I'm trying to obtain information about the following system of ODEs, where $c_1, c_2$ are constants and $h_1, h_2: I \subset \mathbb{R} \to \mathbb{R}$ are smooth positive functions defined on an open interval:
$$ \begin{cases} c_1h_2\left(1-(h_1)^2 \right) - h_1 (h_1)'' h_2 - (r_1 - 1) (h_1')^2 h_2 - r_2 h_1 h_1' h_2' = 0 \\ c_2h_1\left(1-(h_2)^2 \right) - h_2 (h_2)'' h_1 - (r_2 - 1) (h_2')^2 h_1 - r_1 h_2 h_2' h_1' = 0 \end{cases} $$
It is clear (dividing by $h_2$ or $h_1$ on the first or second, equation, respectively) that once one has initial value conditions and one determines $h_1$ (resp. $h_2$), then $h_2$ is determined as well. But I would like to know whether there is any kind of uniqueness of solutions in this situation: i.e., if $\psi_1, \psi_2$ also satisfy this system, is it true that $h_1 = \psi_1$ and $h_2 = \psi_2$? If not, are there any conditions we can impose on the system so that the solutions are unique?

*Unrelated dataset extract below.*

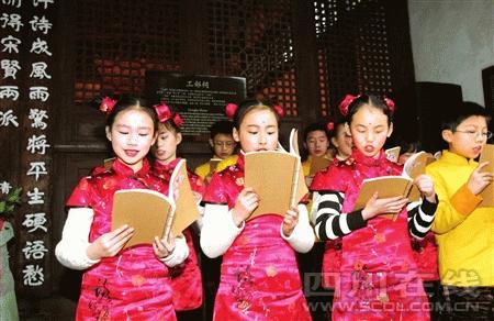 昨日的草堂高朋滿座,著名學者、詩人鐘樹梁、流沙河、張志烈等文人雅士,杜甫草堂詩書畫院的藝術家及省內文博單位代表悉數到場,近萬成都市民和外地游客也在祭拜活動開始前涌入草堂。10時整,兩扇朱門開啟,一面印有“草堂人日”字樣的幡旗于門前緩緩升起,人們屏住呼吸,現場異常安靜。一陣稚嫩童聲傳來,眾人細聽,得悉孩童們念誦的正是憂國憂民憂天下的杜甫所作傳世詩歌:“安得廣廈千萬間,大庇天下寒士俱歡顏,風雨不動安如山!”、“國破山河在,城春草木深”、“兩個黃鸝鳴翠柳,一行白鷺上青天”……一邊應和的是古琴大師們演奏的悠揚古琴,詩圣杜甫心中的那份蒼涼詩情,瞬時穿越千年時光,直達眾人心中。一杯薄酒,一束臘梅,現場市民游客逐一上前向詩圣像鞠躬行禮,表達對杜甫的敬意。
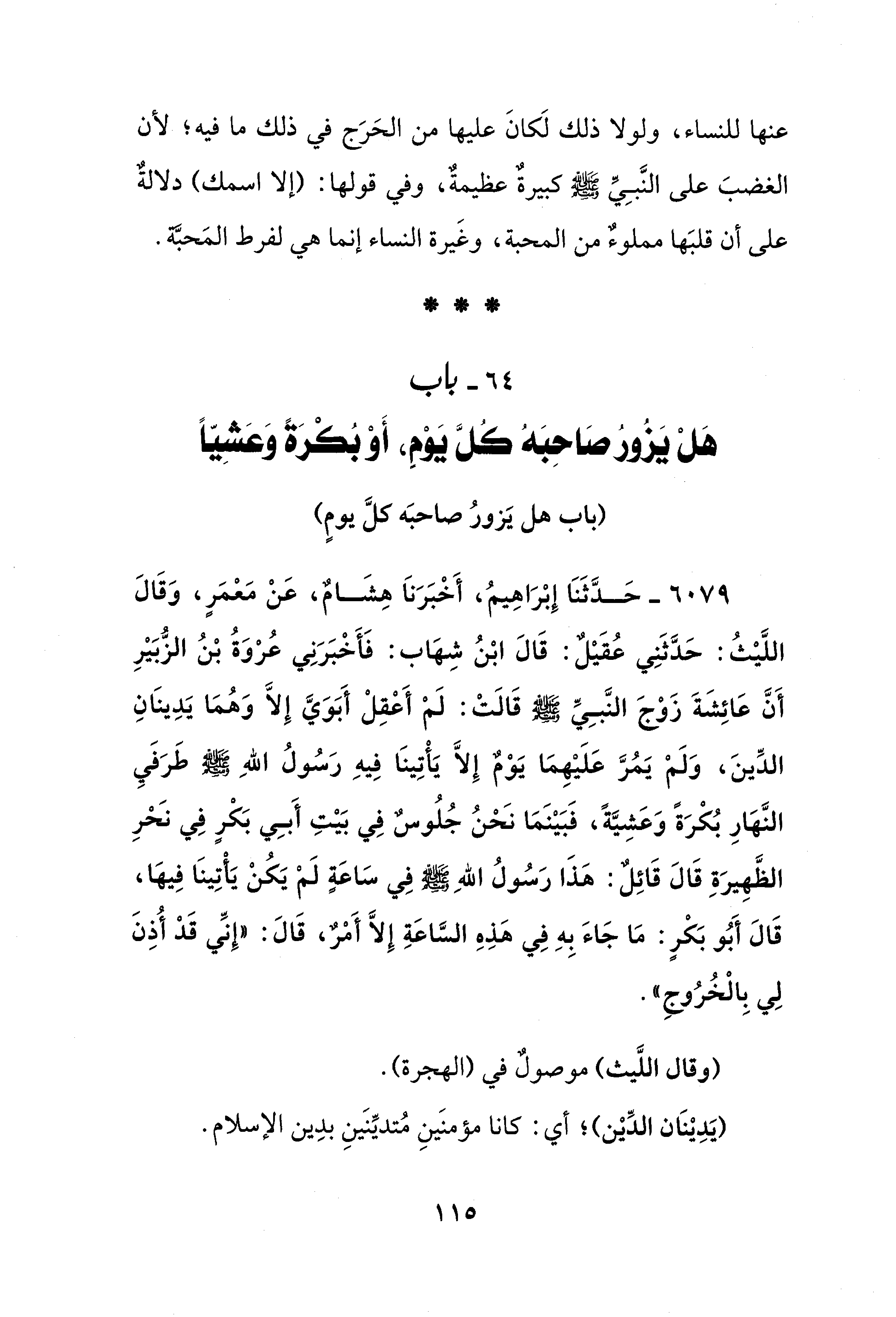 6079 - حَدَّثَنَا إِبْرَاهِيمُ، أَخْبَرَنَا هِشَامٌ، عَنْ مَعْمَرٍ، وَقَالَ اللَّيْثُ: حَدَّثَنِي عُقَيْلٌ: قَالَ ابْنُ شِهَاب: فَأَخْبَرَنِي عُرْوَةُ بْنُ الزُّبَيْرِ أَنَّ عَائِشَةَ زَوْجَ النَّبِيِّ - صلى الله عليه وسلم - قَالَتْ: لَمْ أَعْقِلْ أَبَوَيَّ إِلَّا وَهُمَا يَدِينَانِ الدِّينَ، وَلَمْ يَمُرَّ عَلَيْهِمَا يَوْمٌ إِلَّا يَأْتِينَا فِيهِ رَسُولُ اللهِ - صلى الله عليه وسلم - طَرَفَيِ النَّهَارِ بُكْرَةً وَعَشِيَّةً، فَبَيْنَمَا نَحْنُ جُلُوسٌ فِي بَيْتِ أَبِي بَكْرٍ فِي نَحْرِ الظَّهِيرَةِ قَالَ قَائِلٌ: هَذَا رَسُولُ اللهِ - صلى الله عليه وسلم - فِي سَاعَةٍ لَمْ يَكُنْ يَأْتِينَا فِيهَا، قَالَ أَبُو بَكْرٍ: مَا جَاءَ بِهِ فِي هَذِهِ السَّاعَةِ إِلَّا أَمْرٌ، قَالَ: "إِنِّي قَدْ أُذِنَ لِي بِالْخُرُوجِ".

I'd really appreciate any help. Thanks in advance!
Write the equations as $h_1'' = \ldots$ and $h_2'' = \ldots$, and the standard Existence and Uniqueness theorem for systems of differential equations applies. The only wrinkle is that to do this we must divide by $h_1 h_2$, so that things may go bad if $h_1$ or $h_2$ hits $0$. But on any interval where $h_1$ and $h_2$ are strictly positive, solutions are uniquely determined by initial conditions of the form $h_1(t_0) = a$, $h_2(t_0) = b$, $h_1'(t_0) = c$, $h_2'(t_0)=d$.